━━━━━ DATA ━━━━━

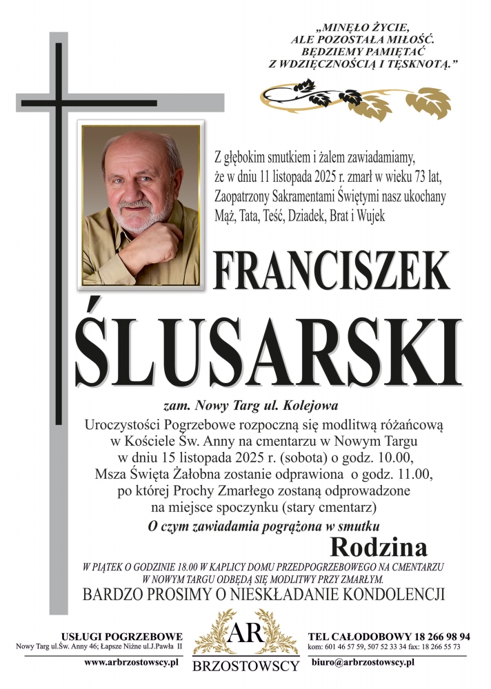 Franciszek Ślusarski - Nekrologi - podhale24.pl
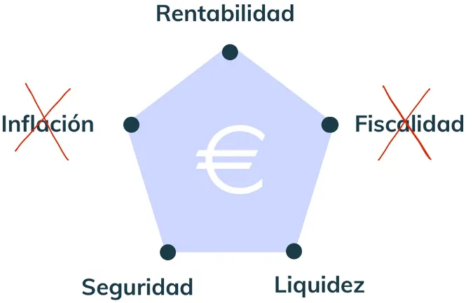 TODA inversión que hagamos, da igual del tipo que sea, le afectan SIEMPRE 5 variables: inflación, fiscalidad, seguridad, rentabilidad y liquidez.
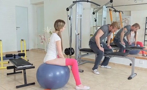 Kinky sportsman makes a skinny babe bend down as low as it is possible so he could fuck her
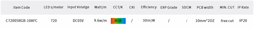 1.高密度灯珠,每米集成720个RGB LED。光线均匀,没有颗粒感,实现了无缝连续的照明效果。
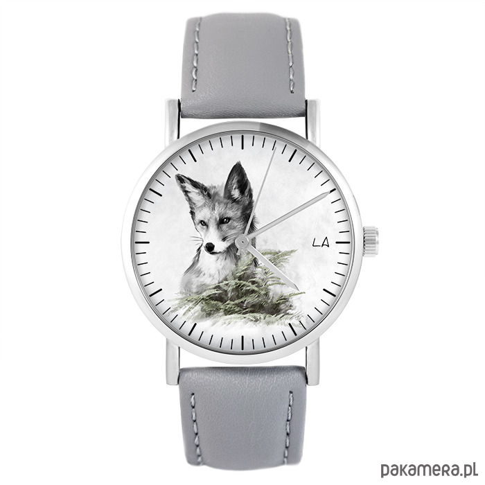 Zegarek - Lis - skóra, szary
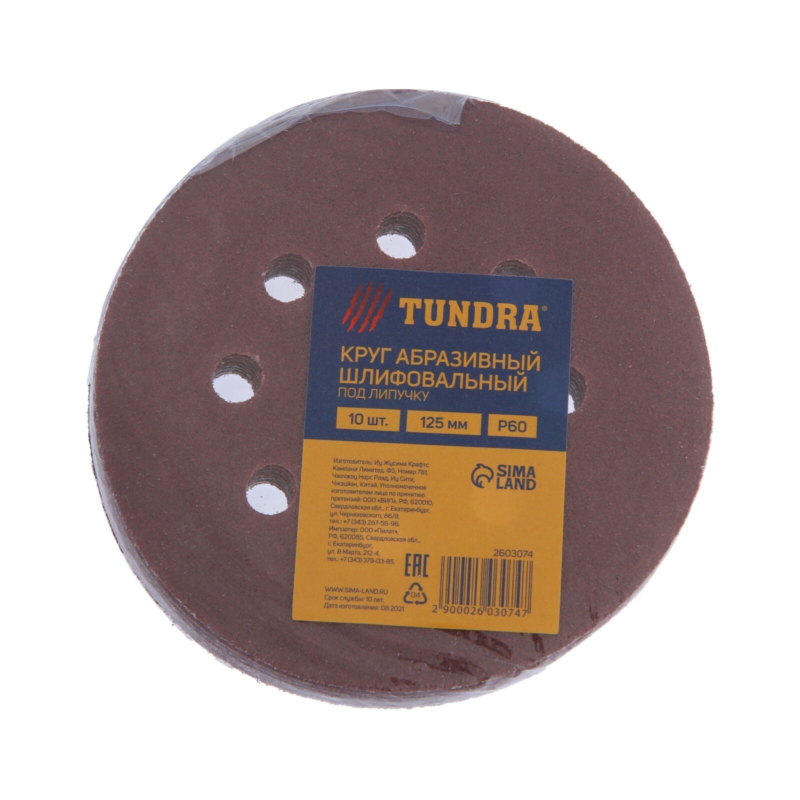 Круг абразивный шлифовальный под "липучку" ТУНДРА, перфорированный, 125 мм, Р60, 10 шт.
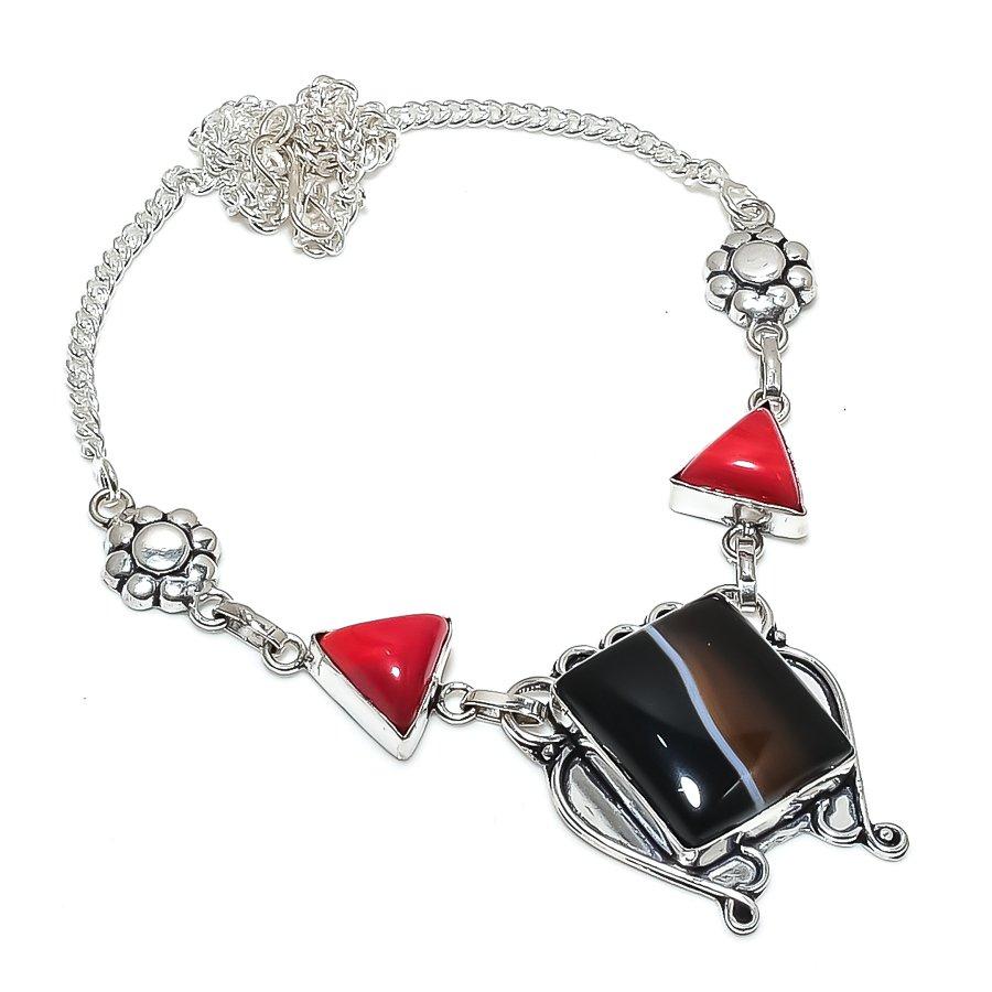 Натуральный полосатый агат, коралл, ювелирное изделие из серебра 925 пробы, колье 18" N6N54
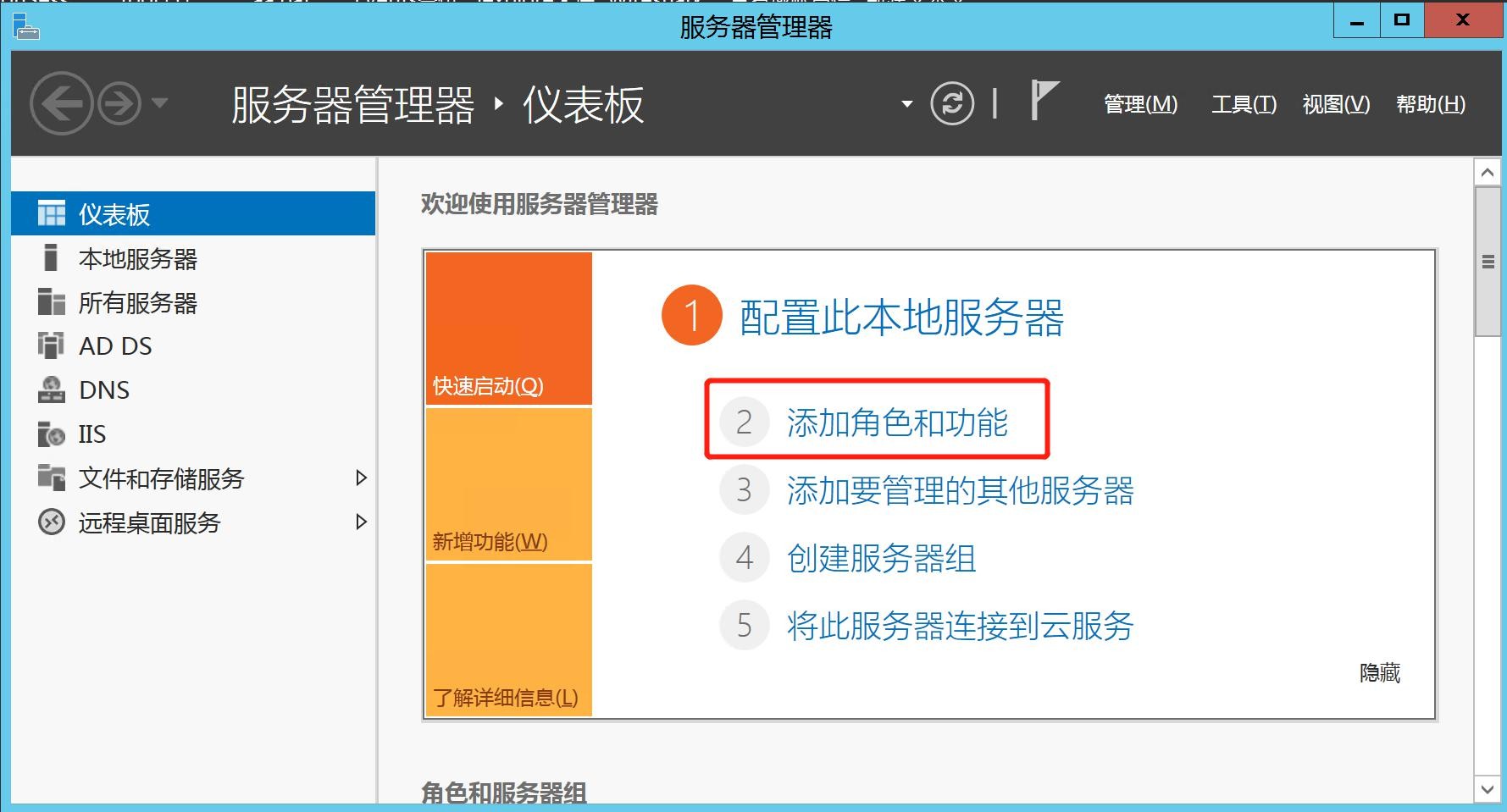 2、在打开的服务器管理界面点击”添加角色和功能”如下图所 示
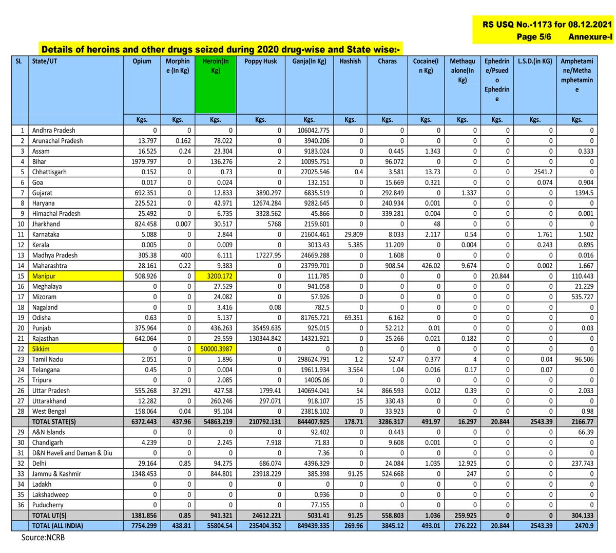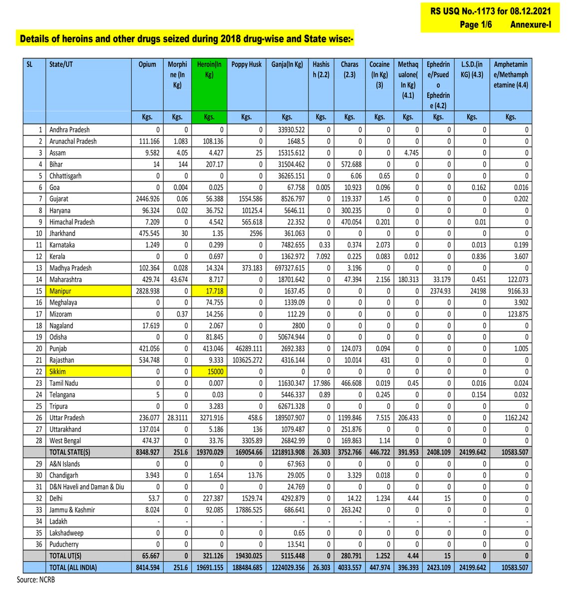 Referring to the reply given in the Rajya Sabha regarding the seizure of heroin, we had raised the question as to which agency had seized the heroin in the state of Sikkim and Manipur...

━━━━━

Retype the records verbatim, excluding each image they hold.

 Franciszek Ślusarski - Nekrologi - podhale24.pl
 TODA inversión que hagamos, da igual del tipo que sea, le afectan SIEMPRE 5 variables: inflación, fiscalidad, seguridad, rentabilidad y liquidez.
 Kinky sportsman makes a skinny babe bend down as low as it is possible so he could fuck her
 1.高密度灯珠,每米集成720个RGB LED。光线均匀,没有颗粒感,实现了无缝连续的照明效果。
 Zegarek - Lis - skóra, szary
 Круг абразивный шлифовальный под "липучку" ТУНДРА, перфорированный, 125 мм, Р60, 10 шт.
 Натуральный полосатый агат, коралл, ювелирное изделие из серебра 925 пробы, колье 18" N6N54
 2、在打开的服务器管理界面点击”添加角色和功能”如下图所 示
 Referring to the reply given in the Rajya Sabha regarding the seizure of heroin, we had raised the question as to which agency had seized the heroin in the state of Sikkim and Manipur...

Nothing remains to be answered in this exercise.